To solve this, funding for PE, school sport and physical activity should be aligned to an ambitious national strategy which joins up policy across government and improves accountability through measurable national targets to drive up activity levels, health and wellbeing across young people of all age groups. Funding should ensure support for both primary and secondary-aged children and be made available for continuing long-term investment into the Holiday Activities and Food (HAF) programme, expanding the reach and depth of the successful School Games programme, investing in teacher training to support provision of high-quality PE, sport and physical activity, targeting activity to improve physical activity participation in schools, particularly lower- income areas and those most affected by the pandemic, and renewing commitment to expanding Schools as Community Hubs programme. This can help get young people physically active from a young age, encouraging them to participate in grassroots sports and activities. As demonstrated, a more active society has a great ROI in many issue areas. Therefore, it is financially beneficial to encourage children to live an active life, involved in grassroots sports and activities.

 

Conclusion

 

The evidence presented here shows that Government action is necessary to increase grassroots participation in sport and physical activity. The upcoming Sporting Futures 2 paper needs to promote a greater recognition of the enormous potential of sport, recreation, and physical activity across Whitehall and for this to be connected explicitly to the delivery of key cross-Government priorities including levelling up, strengthening public services, economic growth, and net zero. This entails extending vision beyond upgrading football pitches and tennis courts and beyond changing individual behaviour. Additionally, the sector must be given the right tools and operating environment to succeed. This means recognising that this is a dynamic, interconnected economic sector which requires the same vision, investment, and policy reform as any other.

 

This must be part of a cross-Government strategy of working with the sector to improve activity levels and grassroots participation.

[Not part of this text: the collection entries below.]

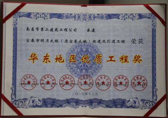 新年伊始,公司項(xiàng)目就迎來(lái)了開門紅。公司承建的宜春市明月大橋改建及引道工程榮獲華東地區(qū)優(yōu)質(zhì)工程獎(jiǎng)。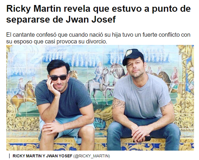 两人结婚后一直非常恩爱,也被奉为圈内的“模范夫夫”。然而近几年也有消息称,这位拉丁天王的婚姻生活遭遇了危机。El cantante boricua Ricky Martin confesó haber atravesado una fuerte crisis matrimonial con su esposo, el pintor sirio Jwan Yosef, después del nacimiento de la única hija de la pareja.波多黎各歌手Ricky Martin坦白说,在他们唯一的女儿出生之后,他和老公——画家Jwan Yosef经历了一场严重的婚姻危机。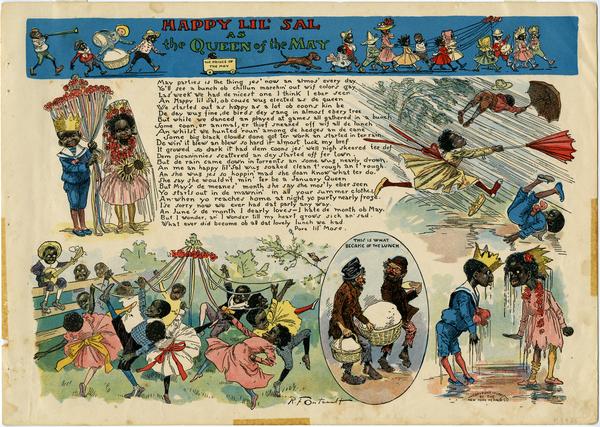 Racist cartoon containing vignettes about a group of African American children, portrayed in caricature, at a May Day party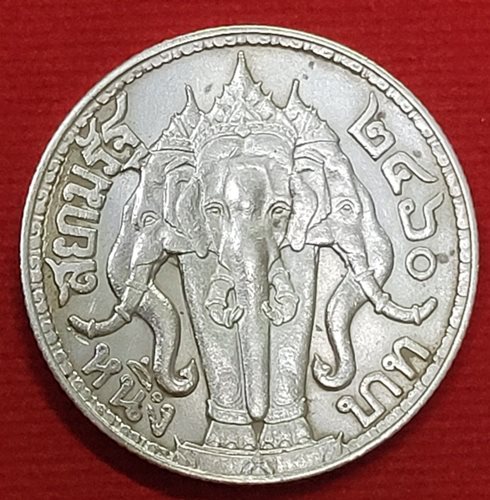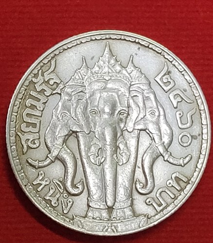 เหรียญหนึ่งบาท รัชกาลที่ 6 หลังช้างสามเศียร พ.ศ.2460 |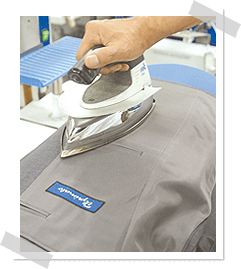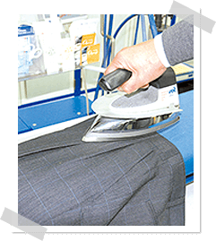 お腹・背中の横ジワ・ポケット口のシワ緩みをキレイに取ります。プレスのポイントは元の状態に戻すことです。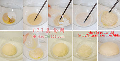 3、不同的面粉吸水性不同,奶的量可以增减10ml,揉面团时一开始是面糊状,一定要有耐心从面糊揉成出筋的面团,不能一直加干面粉;同理,加入融化的黄油时要耐心揉到面团完全吸收黄油至扩展阶段,此过程绝对不能加干面粉。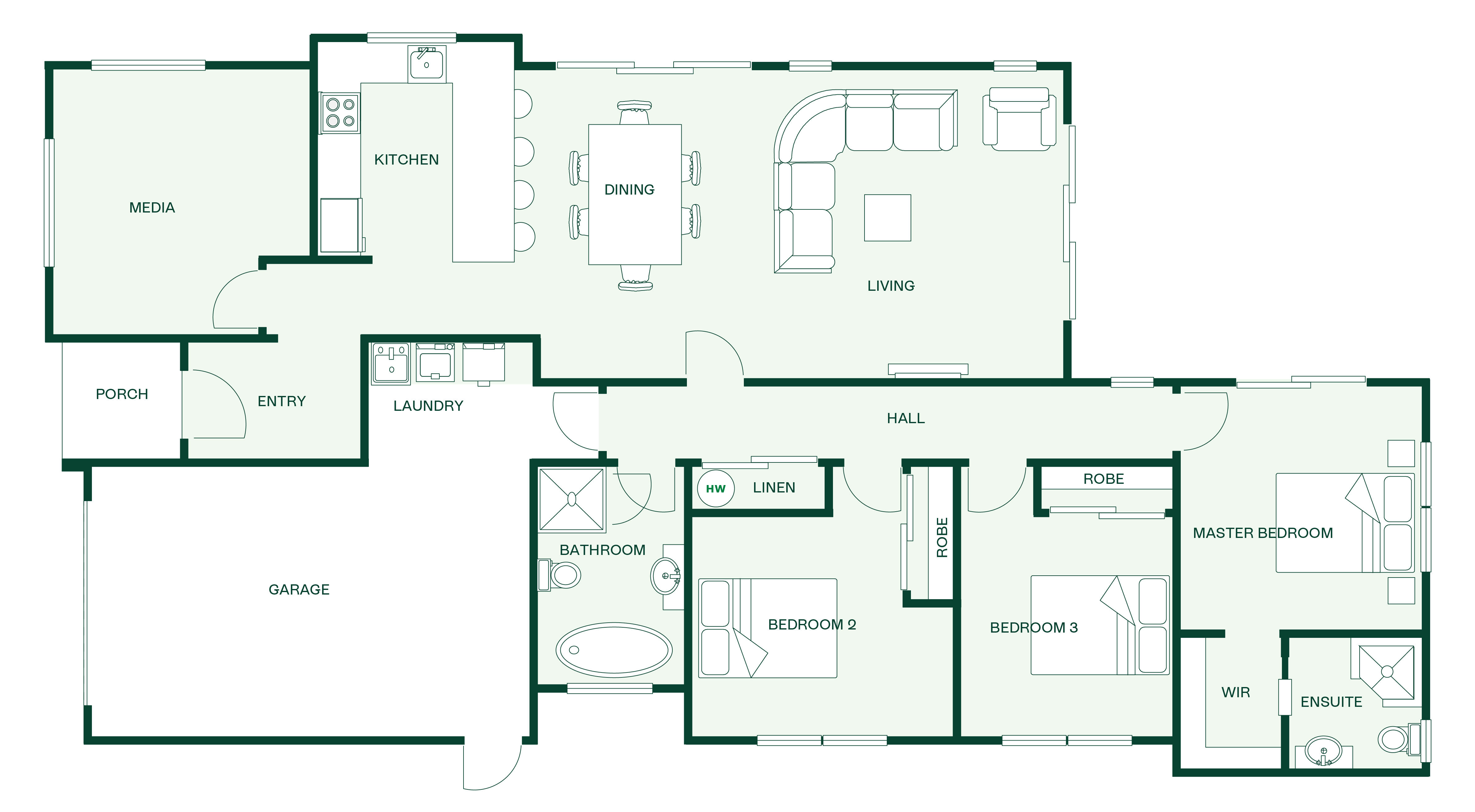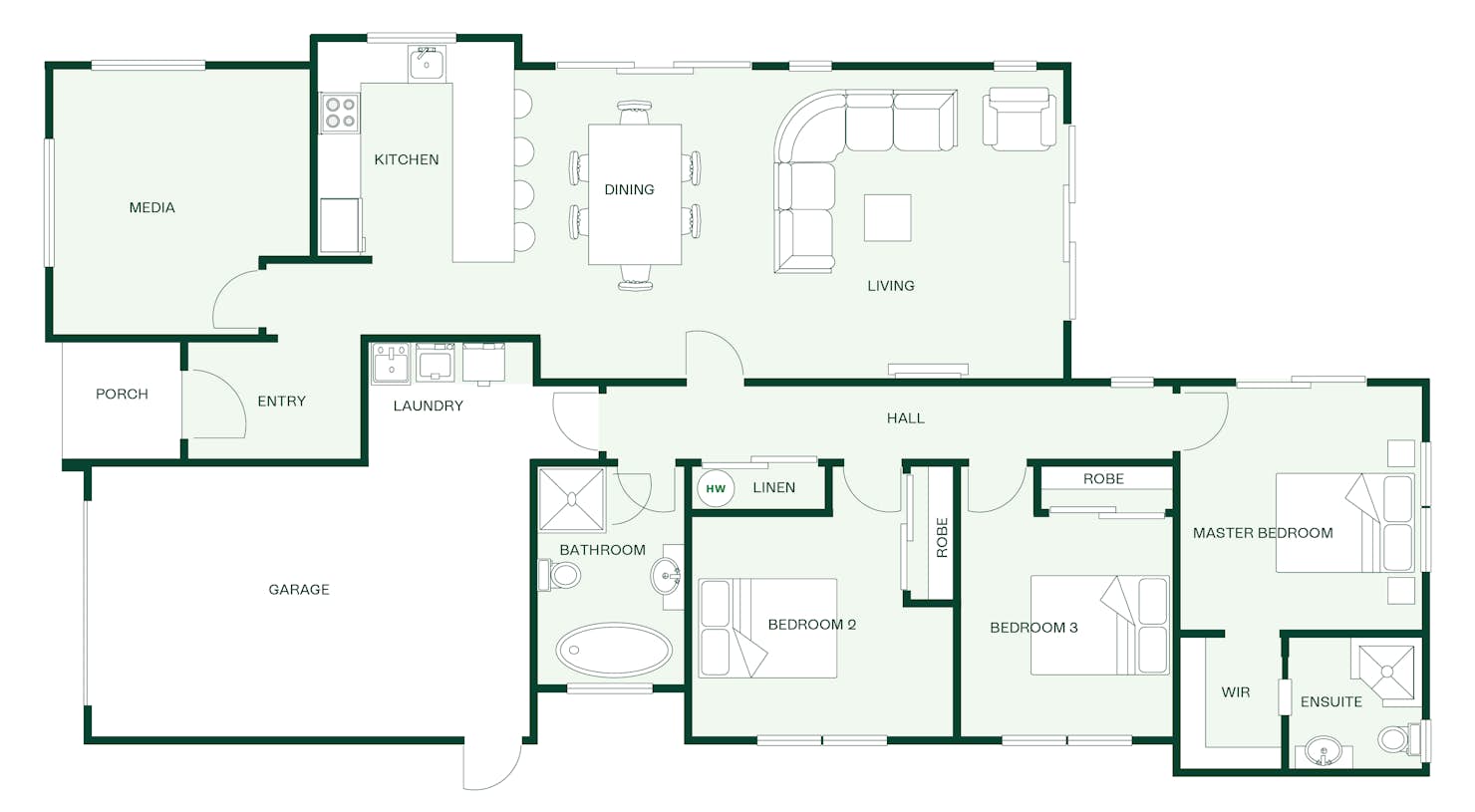 The Wānaka plan offers a well-thought-out design that adapts to the needs of modern families, combining elegance, functionality, and comfort into a single-level home.

This cannot be left just to DCMS, as the result of inactivity or a weak physical activity sector will be felt across many issue areas, including health, wellbeing, levelling-up, and education.

 

Finally, the long-term impact of large sporting events must include participation targets with proper consequences for failing to hit them. This can help codify physical activity goals into health policy and recognise the importance of grassroots participation. These measures will help ensure a healthier, happier society, with many opportunities for cost savings and large ROI potential.